Meine Empfehlung ist, dass du die Austauschpartition entweder in FAT32 oder NTFS formatierst. Sowohl mit FAT32, als auch mit NTFS (die ntfs-3g Treiber unter Linux) hast du vollen Lese- und Schreibzugriff auf die Partition.

Aber wenn du keine Dateien > 4 GB brauchst (ich glaube das ist die Grenze bei FAT32, könnte aber auch 2 GB sein), würde ich FAT32 nehmen.

Gruß
BK


----------



## Dr Dau (17. Februar 2009)

Hallo!

Max. Dateigrösse unter FAT32 ist 4GB.
Langt schonmal nicht um DVD's zu erstellen (von DVD DL ganz zu schweigen).

Ausserdem sollte bedacht werden dass Windows ab Windows 2000 nur bis 32GB formatieren kann.
Hier hilft nur ein Griff zu Win 95B/95C/98/98SE/ME (z.B. Startdiskette) oder Fremdanbietern.
Ansonsten liegt die Begrenzung bei 8TB.

"NTFS-3G" muss sich erstmal installieren lassen. 
Bei mir (Debian Etch) schlägt die Installation wegen unzähliger nicht erfüllbarer Abhängigkeiten fehl (die zu installierten Pakete sind älter als die bereits installierten).

"Ext2 IFS" war schon vor 10 Jahren nicht berauschend..... und wenn ich mir die aktuelle Versionsnummer ansehe, bezweifel ich dass sich daran gross was geändert hat.
Andererseits wird Vista und Windows 2008 (auch als 64bit) unterstützt.
Die Entwicklung scheint also aktuell weiter zu laufen. 

"EXT2IFS" steckt in den Kinderschuhen (Version 0.3)

"Ext2 File System Driver for Windows NT" NT4.x only (Version 0.01 (Beta) von 2002).

"Explore2fs" ist nur ein Dateibrowser und wird, zumindest nicht offiziell, nicht von Vista unterstützt (sagt eigentlich schon alles  ).

"Ext2Fsd" habe ich auch keine Erfahrungen, könnte aber interessant sein (Vista soll unterstützt werden).
Allerdings hat sich da schon seit 9 Monaten nichts mehr getan (was aber ja nicht viel zu sagen hat  ).

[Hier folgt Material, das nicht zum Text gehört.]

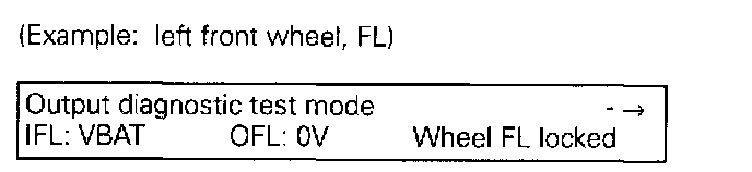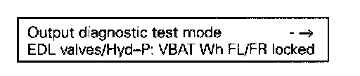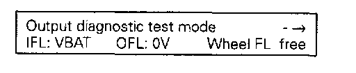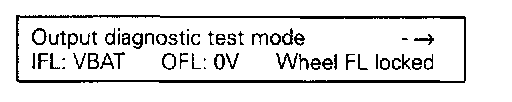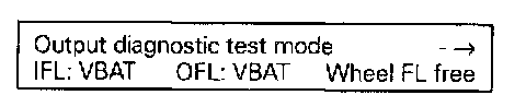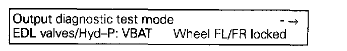 The output diagnostic test mode is a part of the ABS electrical test. The ABS pump motor and the correct functioning of the hydraulic circuits (assignment of brake lines to wheel brake calipers; valve functions) can be checked for leaks or incorrect connections using the output diagnostic test mode.
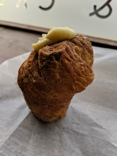 I had been hearing rave reviews about Crust & Crumbles and was finally able to give it a visit. Opening the door you are immediately welcomed by the scent of fresh baked goods. The white subway like floor tile fits the quaint shop. The menu is listed on a brown paper bag which pulls you in to read everything they offer. The choices are endless: scones, croissants, sourdough bread, fruit filled patries... I finally decided on the vanilla scone and I was not disappointed. It was scrumptious! The icing was creamy and melted in my mouth. The scone itself was crunchy on the outside but soft on the inside with a touch of sweetness. I would highly recommend! I almost wish I would have visited on an empty stomach so i could have tried the almond croissant. Next time for sure!
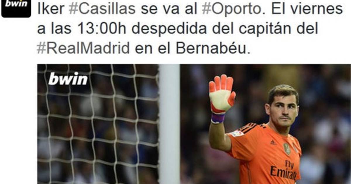 'Iker Casillas se va al Oporto. El viernes a las 13:00 horas será la despedida del capitán del Real Madrid en el Bernabéu', escribieron.
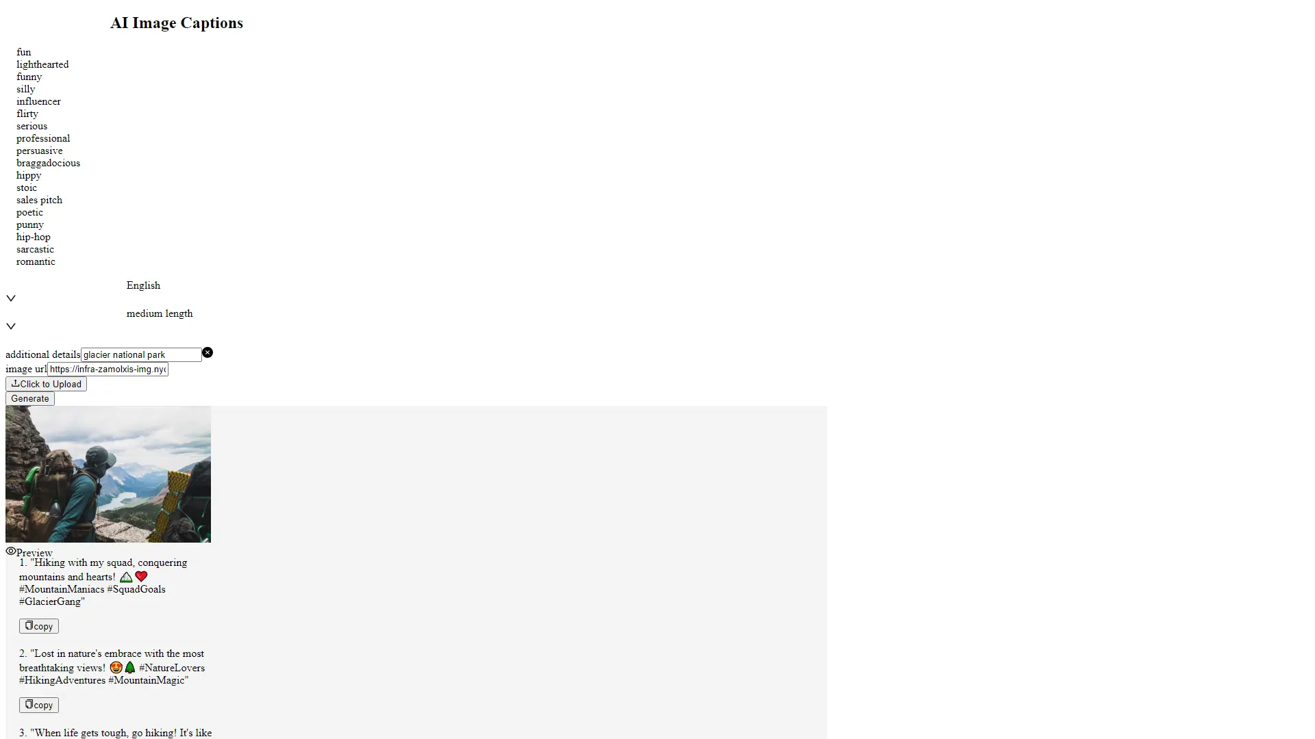AI art generators are revolutionizing how we create visual content, but sometimes that masterpiece needs the perfect caption to truly shine. Enter Felix Link Captions, your go-to tool for generating captivating and diverse captions tailored to any image theme. Whether you're looking for lighthearted humor, professional persuasiveness, or a touch of romance, Felix Link offers a wide range of styles, from flirty and poetic to serious and sarcastic. This AI-powered tool saves you time and effort, providing ready-to-use captions for your social media posts, blogs, or any visual content. Elevate your art with the power of compelling captions – discover Felix Link Captions today!
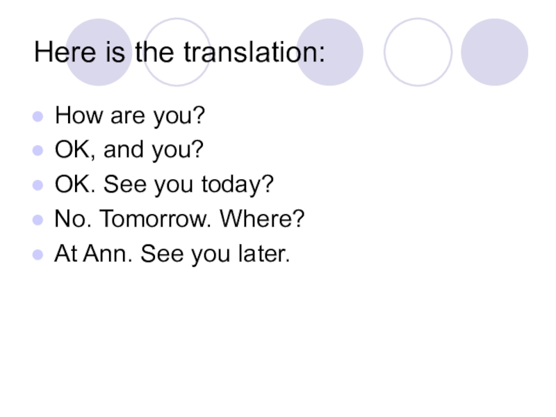 Here is the translation:How are you?OK, and you?OK. See you today?No. Tomorrow. Where?At Ann. See you later.
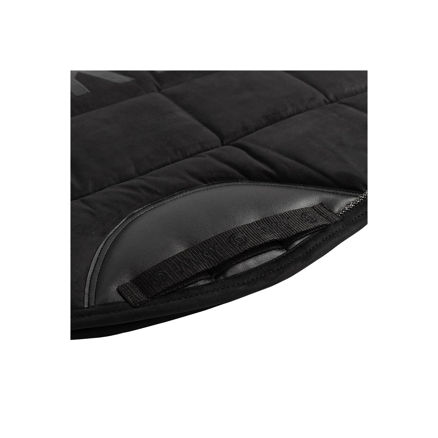 The lining is anti-static, moisture-regulating, moisture-wicking and extremely quick-drying, to ensure that your horse’s back stays dry. The saddle pad is proportionally filled with a synthetic filling for good shock absorption. The anatomical shape ensures that the saddle pad falls nicely on the back and stays in place. In addition, the leather PU patch and double girth loops ensure a more stable position of the girth straps. The anti-slip letters on the side and double girth loop ensure a stable position of the saddle.
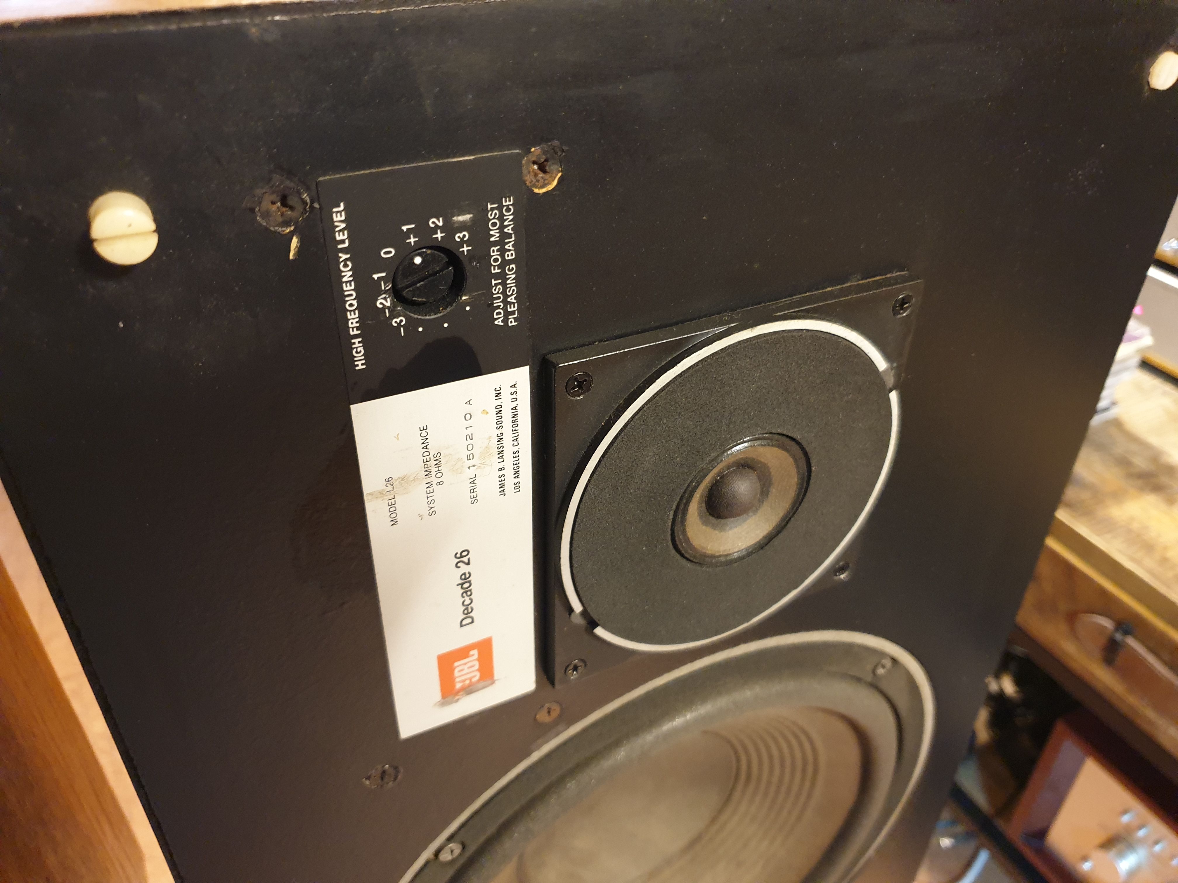JBL 사의 L시리즈 막내격인 L-26 Decade 데케이드 스피커 입니다. 이제품은 알니코 자석을 사용한 10인치 우퍼를
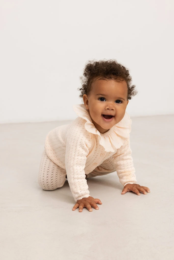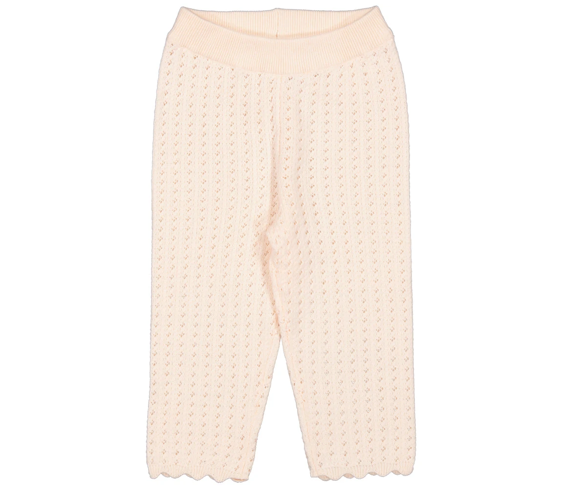 Knit trousers with elastic waist, wavy details at the bottom and fine pointelle details
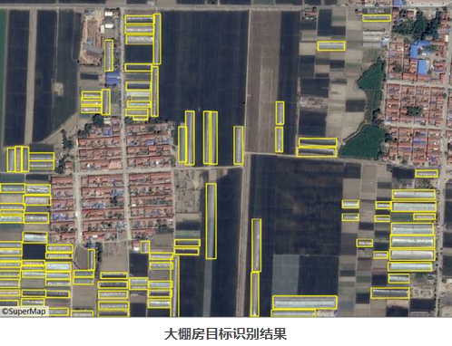 The following figure illustrates the Object Detection result of greenhouses in a specific area. The yellow bounding boxes indicate detected greenhouses, which can efficiently and accurately identify their spatial distribution, locations, and quantities, providing foundational data support for greenhouse management and cultivated land regulation.
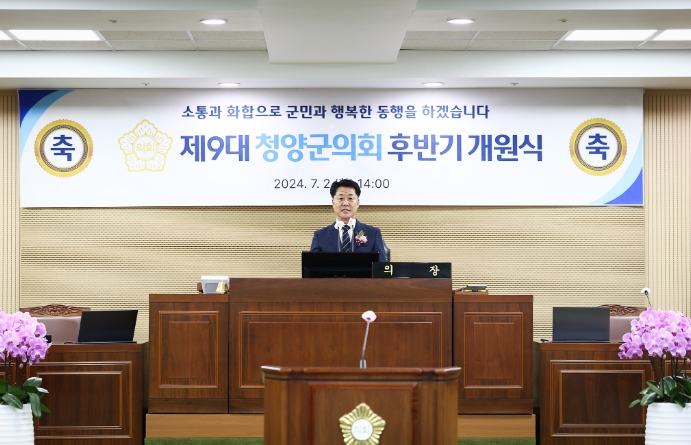 [뉴스서울] 제9대 청양군의회(의장 김기준)가 2일 본회의장에서 후반기 개원식을 열고 ‘군민을 섬기는 일꾼‘으로서 후반기 의정활동의 본격적인 시작을 알렸다.

Wie auch immer, ich persönlich würde keine gemeinsame Partition für Systemverzeichnisse anlegen..... wenn was passiert, hast Du ein echtes Problem. 
Ich würde mir also eine gemeinsame reine Datenpartition anlegen.
FAT32 ist meiner Meinung nach völlig indiskutabel (4GB Dateigrösse).
Bleibt also nur Linux dazu zu bringen NTFS lesen/schreiben zu können (z.B. mit NTFS-3G) oder halt Windows dazu zu bringen ext2/3 zu lesen/schreiben.
Bei letzterem würde ich mir Ext2 IFS und Ext2Fsd mal genauer ansehen.
Eine andere Möglichkeit (als Datenspeicher) wäre ein Samba-Server.

Gruss Dr Dau


----------



## LSd (17. Februar 2009)

Guten Morgen,
ich habe meine externe USB-Festplatte mit 250 gb unter Linux mit VFat formatiert und kann sowohl unter Linux als auch unter Windows auf diese ohne Einschränkungen zugreifen. 

Grüße


----------



## Dennis Wronka (17. Februar 2009)

Wie Dr. Dau erwaehnt hat gibt es eine Einschraenkung der nicht unbedingt jeder mal begegnen muss, das Groessenlimit fuer Dateien.
Wer aber mal groessere Dateien an- oder ablegen will wird dieses Limit sicherlich als Einschraenkung auffassen.

Ich z.B. habe diverse Images von virtuellen Maschinen auf meiner Platte liegen, welche nicht selten um die 6-8 GB umfassen.


----------



## Dr Dau (17. Februar 2009)

Dennis Wronka hat gesagt.:


> Wie Dr. Dau erwaehnt hat gibt es eine Einschraenkung der nicht unbedingt jeder mal begegnen muss, das Groessenlimit fuer Dateien.


Das Problem kann aber schneller auftauchen als man denkt.
Z.B. wenn man sich die neuste Linux Distribition als DVD Image runterläd. 

Auch Ubuntu gibt es als DVD Image (über den Sinn und Zweck kann man sich streiten  ).
Als i386er Version knapp 3,94GB gross..... über kurz oder lang könnte er also auch hier auf Probleme stossen.


----------



## Navy (17. Februar 2009)

Dr Dau hat gesagt.:


> Auch Ubuntu gibt es als DVD Image (über den Sinn und Zweck kann man sich streiten  ).



Kann man das tatsächlich? Wer unterwegs schonmal kurzfristig ein Programm nebst Abhängigkeiten benötigte und nur mit GPRS-Softmodem ins Netz kommt, ist dankbar über dieses Image. Oder aber derjenige, der Linux auf n-verschiedenen Rechner installieren muss (bzw. darf), die aber jeweils über unterschiedliche System- und Plattenkonfigurationen verfügen und darüber hinaus nicht in der Lage ist ein lokales Repository zu erzeugen.... Fälle gibt es also genügend.


----------